Question

Assume that impure copper consists of iron, gold, silver impurities. After passing current of $140A$ for $482.5\sec $ , the mass of anode decreased by $22.260g$ and the cathode increased in the mass by $22.011g$ . Estimate the percentage of iron and copper originally.

Answer 1

Hint:Electrolysis is defined as the decomposition of a substance by an electric current. There is a chemical change in which one gains electrons and one loses electrons. Coulomb is the unit of charge.

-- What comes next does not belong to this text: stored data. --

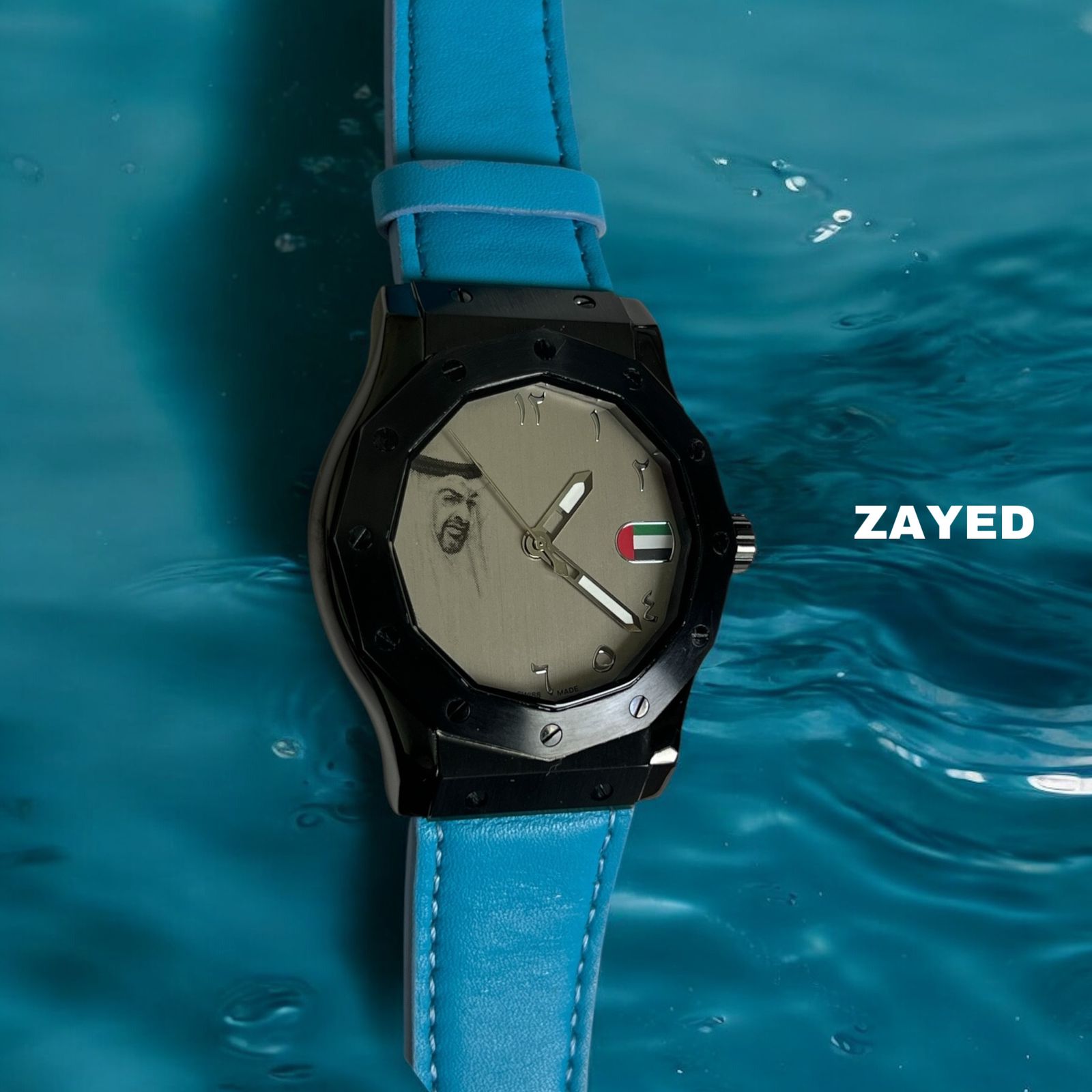 Zayed UAE Flag Grey Arabic Dial Sky Blue Strap Watch
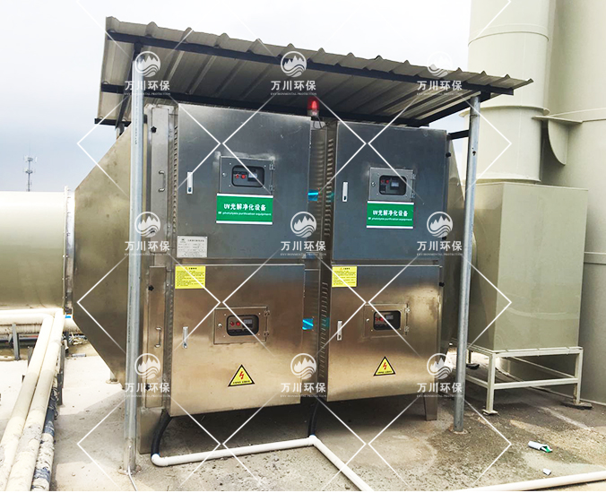 由于廢氣中含有一定的顆粒物,因此廢氣首先進(jìn)到噴淋塔在進(jìn)一步除去顆粒物和水溶性物質(zhì),而后進(jìn)入到除霧器,過(guò)濾未完全凈化水分,而后進(jìn)入U(xiǎn)V光氧凈化器,最后再進(jìn)行活性炭吸附裝置,該法具有處理效果高,運(yùn)行穩(wěn)定優(yōu)點(diǎn)。
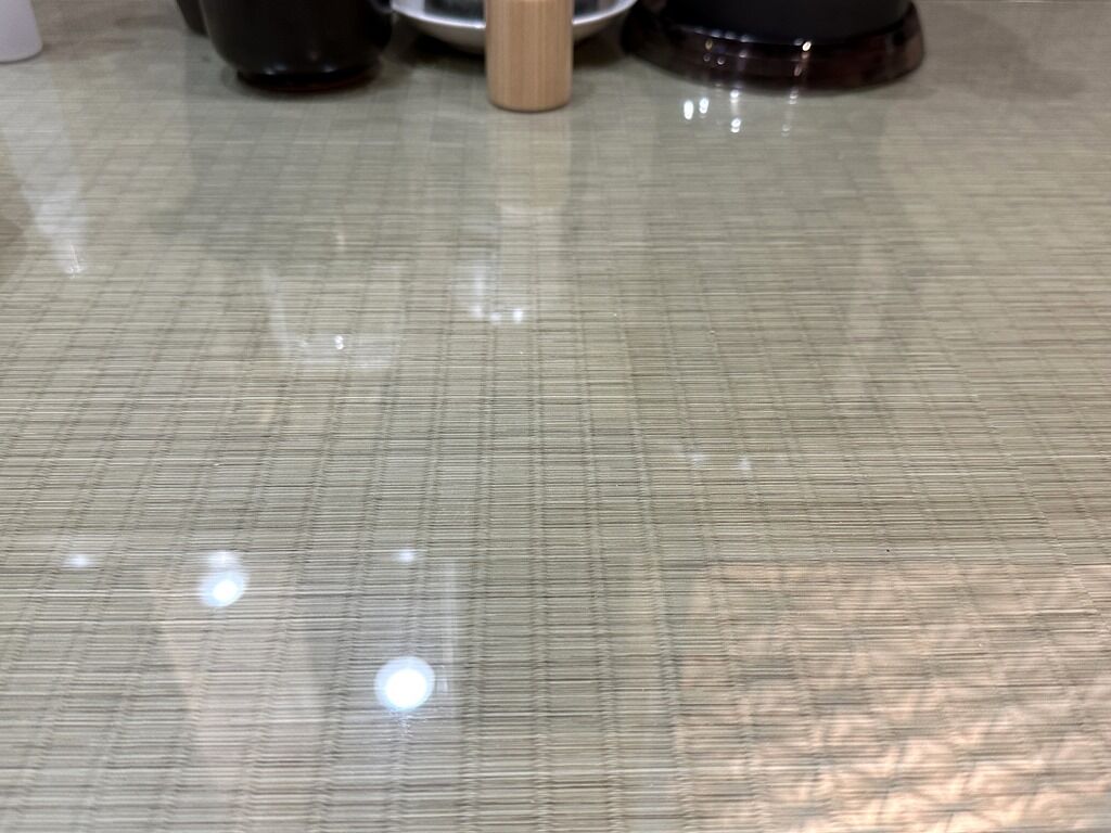 カウンターは上にガラスが乗せえてありますが畳張り。テーブル壁側のベンチシートの座面も井草張りでした。BGMは懐かしのJ-POP、きっと、また逢える…、LA・LA・LA LOVE SONG、センチメンタル、Face the change、どんなときも、他♪箸は割り箸。卓上調味料は無し。
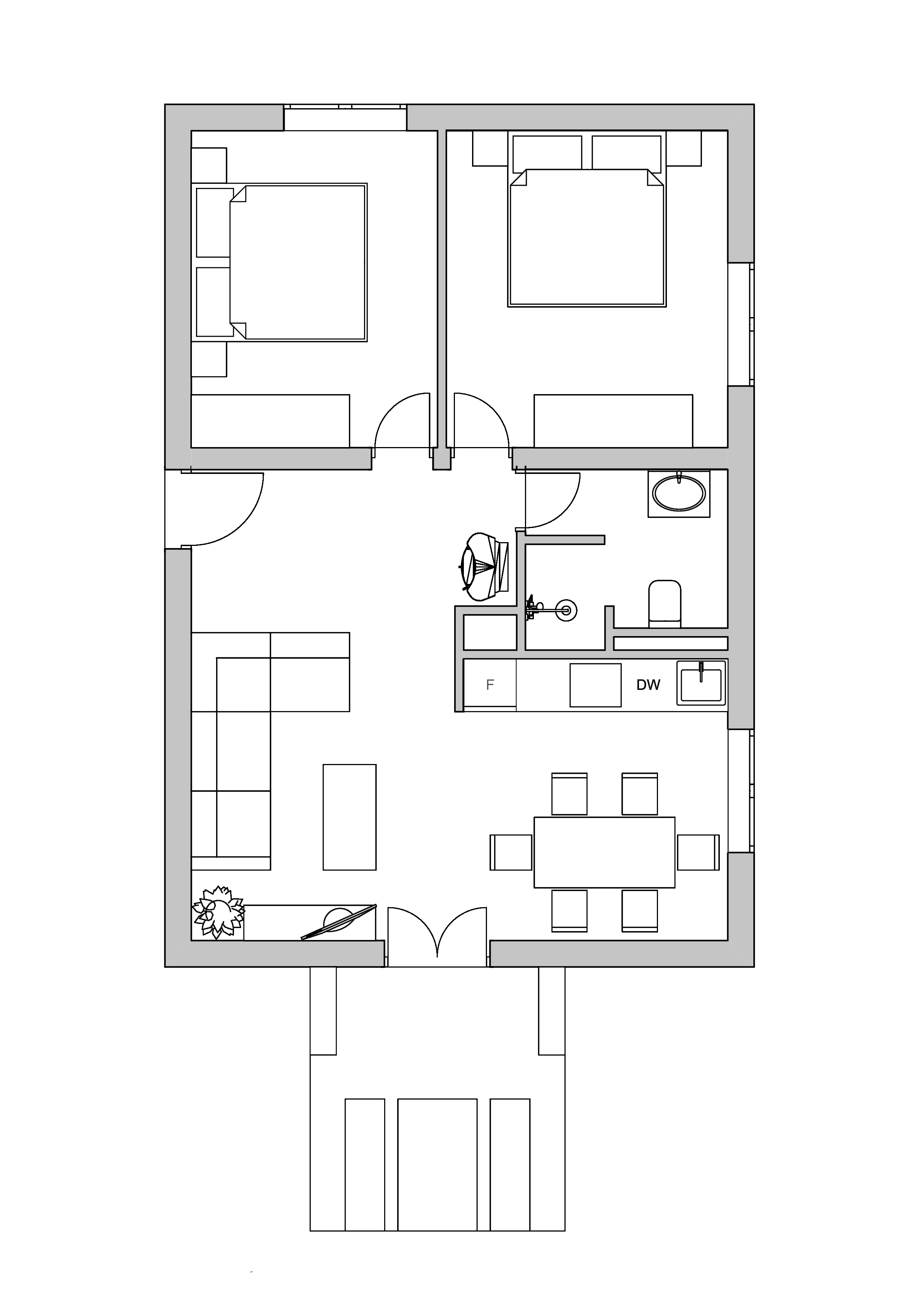 Apartman Medo od 60 m2 u suterenu velike kuće ima dvije spavaće sobe opremljene bračnim krevetima (uz koje Vam možemo staviti dječji krevetić), noćnim ormarićima s lampama te velikim garderobnim ormarom; zatim kupaonica u kojoj se nalaze zidana tuš kabina, WC i ormarić s umivaonikom i ogledalom te kuhinja i blagovaonica koji se sastoje od frižidera, pećnice, električne ploče za kuhanje, perilice posuđa, kuhala za vodu i stola za 6 osoba i dio su dnevnog boravka u kojem se nalazi sjedeća garnitura za 6 osoba koja postaje dodatni ležaj za 1 do 2 osobe, zatim TV, stolić, komoda i ogledalo s vješalicama kraj ulaznih vrata.

Complete step by step answer:
REACTION:
A.At cathode: $C{u^{2 + }} + 2{e^ - } \to Cu$ (reduction)
At anode: $Fe \to F{e^{2 + }} + 2{e^ - }$ (oxidation)
Mass deposited at cathode $ = 22.011g$
Mass of anode $ = 22.260g$
From this we get to know the mass of impurities:
Mass of impurities $ = $ mass of anode $ - $ mass of cathode
Substituting the values we get,
Mass of impurities $ = 22.260 - 22.011$
Mass of impurities $ = 0.249g$ .
Here the impurities are iron, gold and silver which do not take part in the reaction and settle downs below anode.
B.we will calculate the charge using the formula: $Q = i.t$
Where, $i = $ current, $t = $ time
given data: $i = 140A$
$t = 482.5s$
$\therefore Q = i.t$
Substituting the values we get,
$Q = 140 \times 482.5$
$Q = 67550C$ .
We will convert the value of charge from coulombs to faraday $\left( F \right)$ using this formula: $F = \left( {\dfrac{C}{{96500}}} \right)$
Substituting the value of coulombs we get:
$F = \dfrac{{67550}}{{96500}}$
$F = 0.7$
C.Now we will calculate charge for iron and copper respectively using the formula: $F = \dfrac{m}{{MW}} \times n$
Where, $F = $ faraday
$m = $ mass
$MW = $ molecular weight
$n = $ number of electrons.
Given data:
Mass of copper at cathode $ = 22.011g$
Molecular weight of copper $ = 63.5$
i.Charge of copper
$F = \dfrac{m}{{MW}} \times n$
Substituting the values we get,
$F = \dfrac{{22.011}}{{63.5}} \times 2$
$F = 0.693$
ii.Charge of iron:
Total charge $ - $ charge of copper
$ = 0.7 - 0.693$
$ = 0.007$
Using the value of charge we can find the mass of iron
$F = \dfrac{m}{{MW}} \times n$
Molecular weight of iron $ = 56$
Number of electrons $ = 2$
$m = \dfrac{F}{n} \times MW$
$m = \dfrac{{0.007}}{2} \times 56$
$m = 0.196g$
So the mass of gold and silver $ = $ mass of impurities $ - $ mass of iron
Mass of gold and silver $ = 0.249 - 0.196$
Mass of gold and silver $ = 0.053g$
D.We know the mass of copper and iron respectively. So now we will calculate the percentage of iron and copper present using the formula:
$\% = \dfrac{{mass}}{{total mass}} \times 100$
Given data: mass of copper $ = 22.011g$
Mass of iron $=0.196g$
Total mass $=22.260g$
i.$\% $of iron$ = \dfrac{{mass}}{{total mass}} \times 100$
Substituting the value we get,
$\% $ of iron$ = \dfrac{{0.196}}{{22.260}} \times 100$
$\% $ of iron$ = 0.88$
ii.$\% $ of copper$ = \dfrac{{mass}}{{total mass}} \times 100$
$\% $ of iron$ = \dfrac{{22.011}}{{22.260}} \times 100$
$\% $ of iron$ = 98.88$
So the percentage of iron and copper is $0.88 \% $ and $98.88\% $ respectively.

Note:
 Impurities such as $Fe,Cu,Zn,Ni$ get dissolved in the solution, whereas elements such as gold, silver, platinum get settled down as anode mud. Anode mud is the impurities that is collected at anode during the purification process of the metals.